É o que sugere a pesquisa do neurocientista brasileiro Eduardo Zimmer, professor de Farmacologia da Universidade Federal do Rio Grande do Sul (UFRGS). “Por muito tempo, a gente teve essa ideia de que tudo o que acontece de errado no cérebro é porque o neurônio não consegue fazer a sinase”, explica o pesquisador, em entrevista à GALILEU. “Mas, se nas regiões do cérebro que mais atrofiam existem mais astrócitos, será que o problema não pode ser nesse outro tipo de célula? É isso que meu grupo vem investigando nos últimos anos.”
O Alzheimer é a doença neurodegenerativa mais comum que existe, e responde por 70% dos casos de demência no mundo. Atualmente, cerca de 55 milhões de pessoas convivem com algum tipo de demência, segundo a Organização Mundial da Saúde (OMS). ”Uma em cada nove pessoas com mais de 65 anos tem ou vai desenvolver Alzheimer. Acima de 85, é uma em cada três pessoas. E a expectativa de vida está aumentando cada vez mais”, destaca Zimmer. Sabe-se que a doença provoca o acúmulo de emaranhados de proteínas no cérebro, que prejudicam as sinapses e matam células cerebrais. Aos poucos, isso afeta a memória, a cognição, o comportamento e a capacidade de fazer atividades diárias.

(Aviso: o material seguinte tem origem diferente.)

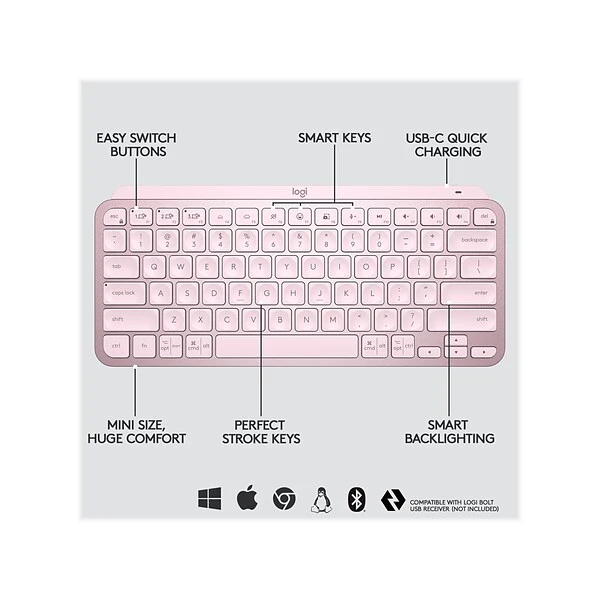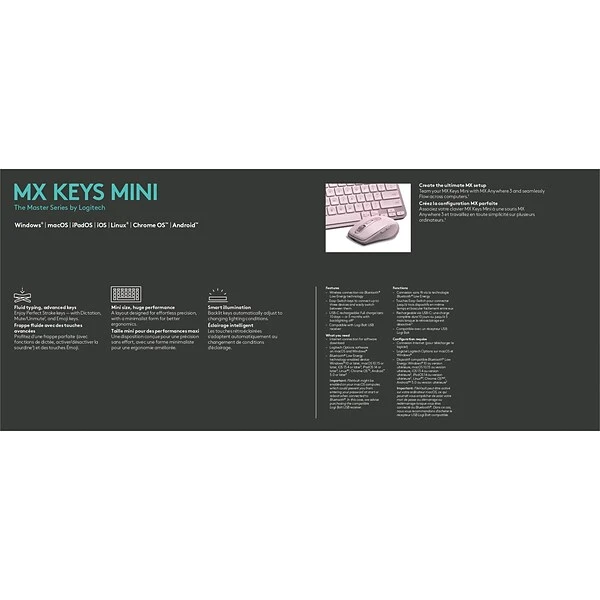 Introducing MX Keys Mini – a smaller, smarter, and mightier keyboard made for creators. Type with confidence on the keyboard crafted for efficiency, stability, and precision. The ergonomic design aligns your shoulders, allowing you to place your mouse closer to your keyboard for less arm reaching, more comfort, and improved body posture. Easily pair MX Keys Mini via Bluetooth Low Energy with up to three devices. Smart keys (requires Logitech Options software, available for Windows and macOS) transform the way you work, with a dictation key to talk-to-text with the press of a button, an emoji key to instantly open your emoji window, and a microphone mute/unmute button for smooth video calls. Team up with a Flow-enabled MX Master 3 or MX Anywhere 3, and type on multiple devices in one fluid workflow. Transfer files, documents, and images across computers and macOS and Windows. Not compatible with Logitech Unifying receiver technology. The dictation feature is provided by Windows and macOS and is currently only available in select languages and geographies. Learn more at Logitech Support OS dictation.

“É como se o cérebro ficasse cheio de pedrinhas que, quando se acumulam, fazem as sinapses pararem de funcionar direito”, explica. Ao analisar exames de neuroimagem de pacientes com a doença, a equipe de Zimmer identificou que, além de participarem das sinapses, os astrócitos percebem a presença dessas “pedrinhas”. Com isso, aumentam de tamanho para tentar eliminá-las e, assim, proteger o cérebro. Conforme a doença progride, seu tamanho diminui – e aí começa a fase final, a de demência. “O astrócito acompanha a doença”, resume o pesquisador.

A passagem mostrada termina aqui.